The burrow I had imagined after Uncle Ratty’s tale, was a larder plus a few decrepit chambers propped up with stays, wallpaper water-stained and peeling; but it was a grand and quite extensive place, and even had its own library. Uncle Ratty managed to coax Chelsea Rat into the kitchen, brew him some oxo with a heavy dose of something from a flask; and we went to investigate. I have to say I was not feeling that brave. Uncle Ratty told me how far inland we were, how unlikely another flood was. He spoke with little conviction. We spent several hours moving books and paintings and even some furniture to the highest chambers. I moaned that my paws were tired and he reminded me that Chelsea Rat’s Mama had moved paintings all night during the floods of 1928. Still he sent me to the kitchen to sit with Chelsea Rat.

It felt like hours before either of us said anything. We sat, two fearful creatures, staring at the table. Then Chelsea Rat whispered hoarsely, ‘The press. Tell him to get the press.’ Did he mean the Evening Star, was he somehow confusing this flood with the last? I went to get Uncle Ratty.

I found him staggering up the stairs with a large oilskin-wrapped bundle; he looked exhausted. I felt horribly guilty about having deserted him. I gave him Chelsea Rat’s message.

‘Got it’, he wheezed.

Back in the kitchen the flask had done its stuff, emboldened Chelsea Rat to speech ‘The press.

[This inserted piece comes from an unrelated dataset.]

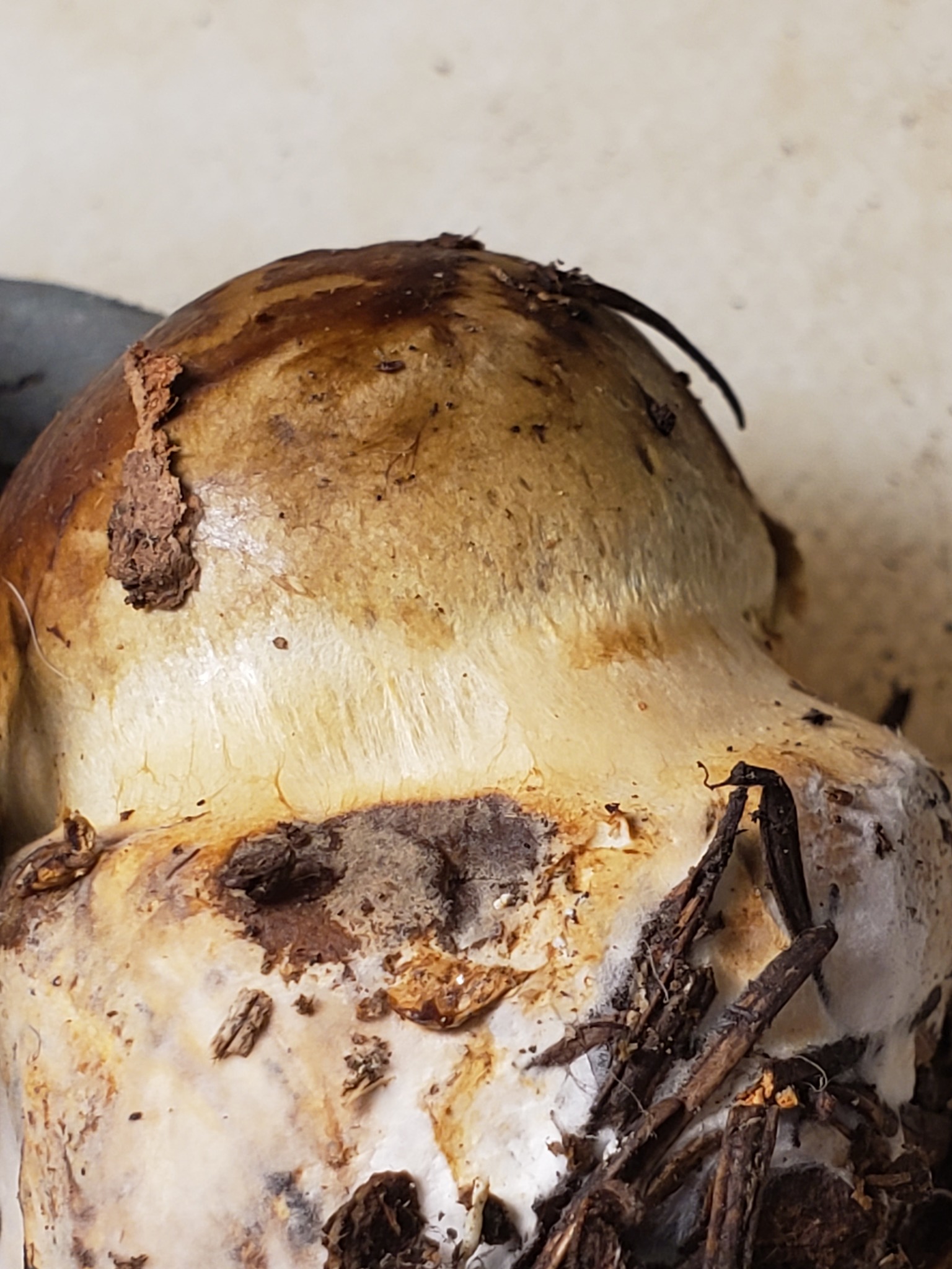 Pileus: 35-90 mm wide, convex to plane or depressed, viscid when wet, yellow-green to olive-brown, margin pale yellow to yellow-green, center darker yellow-brown, reddish-brown or olive, with darker patches of dried gluten visible in fruitbodies of all age. Gills: At first pallid to pale yellow, becoming olive to cinnamon brown. Stipe: 40-90 mm long, 9-20 mm across, pale yellow to pale lemon-yellow, base abruptly bulbous, marginate, mycelium white. Cortina: Pale cream to lemon yellow, most notable when young and on bulb margin. Flesh: Very pale cream to whitish in stipe, occasionally more lemon yellow in surface layers of bulb and cap context. KOH: Brown to reddish brown on cap. Habitat: Mixed conifer forests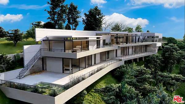 Stunning View Lot Above Trousdale Estates Perched high on a private gated road, this extraordinary view lot comes RTI-Ready to Issue with all approved plans, studies, and reports included. Designed by world-renowned architect Gerhard Heusch of Heusch Inc., this architectural masterpiece offers over 7,000 sq. ft. of living space and an additional 5,760 sq. ft. of outdoor living areas. The proposed Architectural estate features 6 bedrooms, 8 baths, a 3-car garage, pool, spa, home theater, gym, and wine cellar, all seamlessly integrated with expansive decks for effortless indoor-outdoor living and entertaining. Enjoy breathtaking panoramic views stretching from the city skyline to the Hollywood Sign and beyond. A rare opportunity to own a piece of architectural artistry in one of Beverly Hills PO's most coveted and private enclaves.

It must be made safe.’ Uncle Ratty said we could take it to Mole’s; that Mole’s burrow was the equivalent of a Mount Ararat as far as being above the flood level went. That, in fact, Chelsea Rat should come with us, just in case.

It was late that night that we got home. I was never, ever so pleased to be there as I was then. But try as I might I could not help imagining water filling the tunnels. I yearned for the return of Great Uncle Mole who, for all his fussing about, made the burrow a home, one that you could believe in forever.